Cost Benefit Analysis

As I highlighted in the previous MindMap video, moving to the cloud is very much a business decision. We are now going to walk through a few cost-benefit analysis pieces that are important for the business to consider when deciding whether to move to the cloud.

Pay per usage

Pay-per-usage refers to the fact that cloud services follow a consumption-based pricing model, where users pay only for the resources they consume (for example, computing power, storage, network bandwidth, etc.). This can potentially offer consumers some nice cost efficiencies by eliminating the need for upfront investment in a lot of hardware and systems.

CapEx to OpEx

CapEx to OpEx highlights that moving to the cloud shifts capital expenditures (CapEx), like purchasing hardware and software, to operational expenditures (OpEx), which are ongoing expenses for using cloud services. This can improve cash flow management and flexibility. So ,instead of organizations having to pay a bunch of money upfront–capital expenditures–and then amortize those costs over time, they can just pay for whatever cloud services they use each month–OpEx.

Depreciation

Depreciation: In traditional on-premise setups, hardware depreciates over time and must be replaced; cloud computing reduces the need for such capital investments, as cloud providers handle infrastructure upgrades. So, if an organization were to move everything to the public cloud, it wouldn’t have to think about depreciation at all anymore. Of course, if an organization builds its own in-house private cloud with its own hardware, then depreciation is still an important consideration.

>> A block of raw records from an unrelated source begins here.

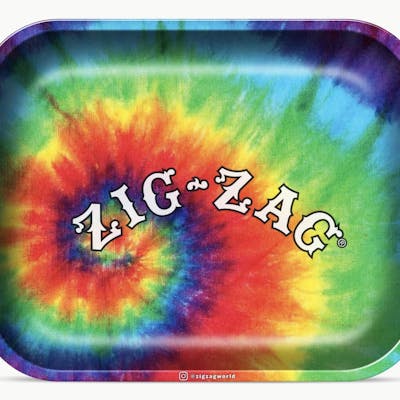 Zig-Zag Tie-Dye Rolling Tray (Large) Dimensions: 13.4" x 10.8" This Is How We Roll! Stay organized and enjoy your smoke break to the fullest with official Zig-Zag rolling trays. Made of Thick Tin with an Extremely Smooth Glossy Surface and High Edges with Rounded Corners.
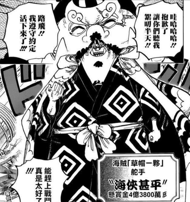 第十位,刚加入草帽海贼团的海侠甚平,目前赏金四亿三千八百万贝里
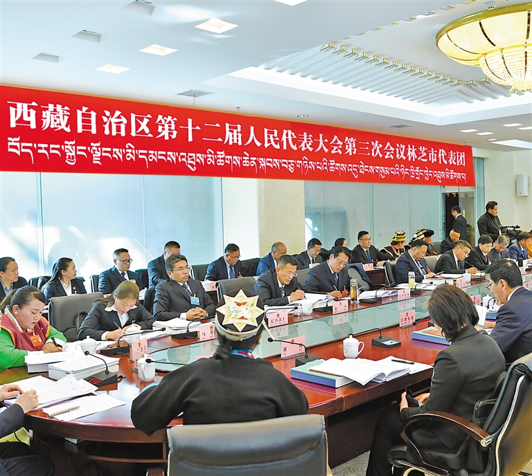 林芝市代表團(tuán)審議政府工作報告。記者 次仁平措 攝
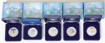 Description: One Dollar. 2004-12 Australian Antarctic Territory coloured 1 oz silver Proofs: 2004 Mawson Station, 2007 Davis Station (minor marks to box), 2009 South Magnetic Pole, 2010 Husky, 2011 Killer Whale, 2012 Emperor Penguin. In boxes of issue with COAs. (6 items total).   FDC
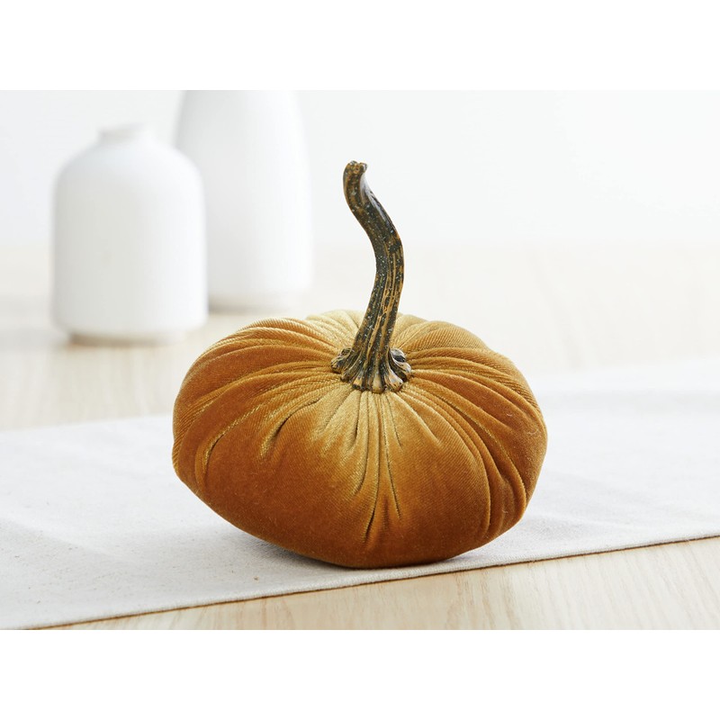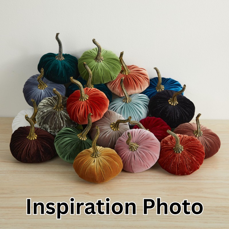 Small velvet pumpkins set of 4, elegant gift set for friend, new apartment, autumn shelf sitter, Thanksgiving tabletop, fern green entryway decor (Rust Fern Gold Bronze)
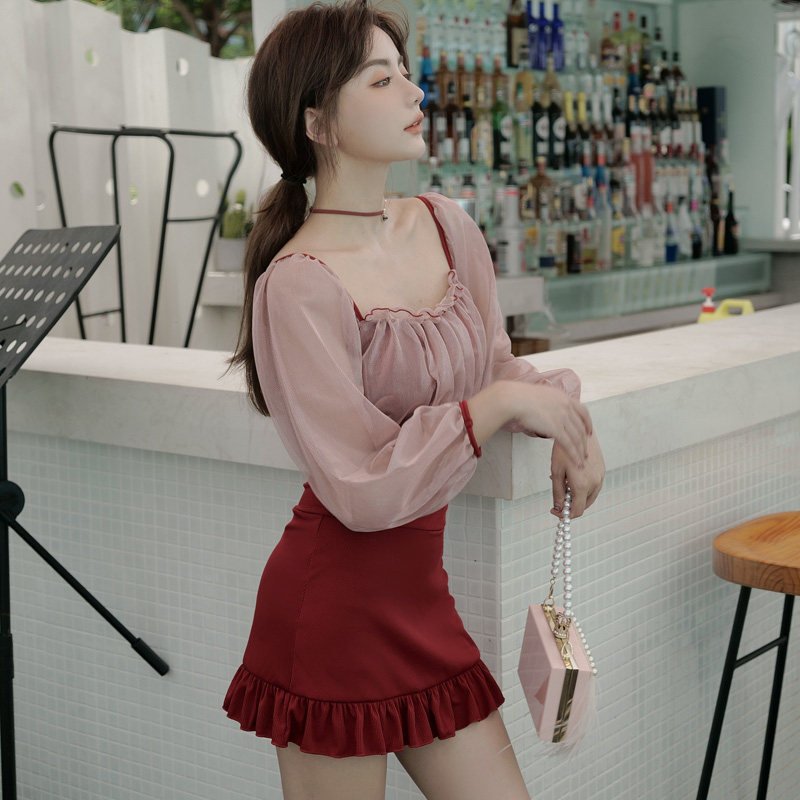 Two-piece long-sleeved swimsuit 2020 New exploits women's Les Bubbles Spa Cover slim Sexy Korea Ins students
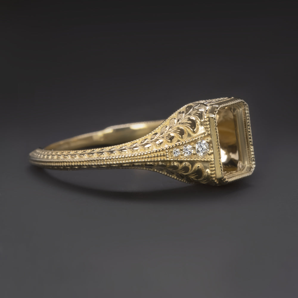 Some designs will not work well for different center shapes or require a more extensive modification to the setting. These modifications are not covered by our standard setting and finishing fee and require consultation from our sales team. Please feel free to reach out via email, and we'll work with you to create the piece you're looking for!
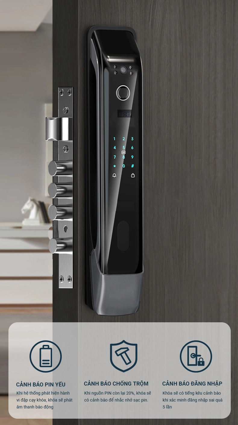 - Cảnh báo phá hoại: Khi có tác động phá cửa từ bên ngoài, chuông cảnh báo được lắp đặt trong khóa cửa sẽ vang lên

Datacenter / utility costs

Next, datacenter and utility costs: Public cloud services eliminate the need for maintaining physical data centers, reducing costs for electricity, cooling, and space, as the cloud provider absorbs these instead. So again, move everything to the public cloud, and now an organization doesn’t have to pay tons of data center and utility costs. They’ll just have a hefty monthly bill from their cloud service provider.

Resource pooling

Resource pooling: Cloud providers take advantage of resource pooling, in which their customers share computing resources like storage and network capacity, reducing per-user costs and increasing efficiency. This can potentially make the core resources (compute, network, and storage) cheaper in the cloud.

Software licensing

Software licensing: Traditional software licensing often requires large upfront costs, whereas cloud-based software services typically follow a subscription model, allowing organizations to scale and pay for only what they need. Watch out, though, as software licensing costs in the cloud can be very different from licensing costs on-premise for the same software. I’ve worked with a few organizations that faced significantly higher licensing costs when they lifted and shifted a system into the cloud.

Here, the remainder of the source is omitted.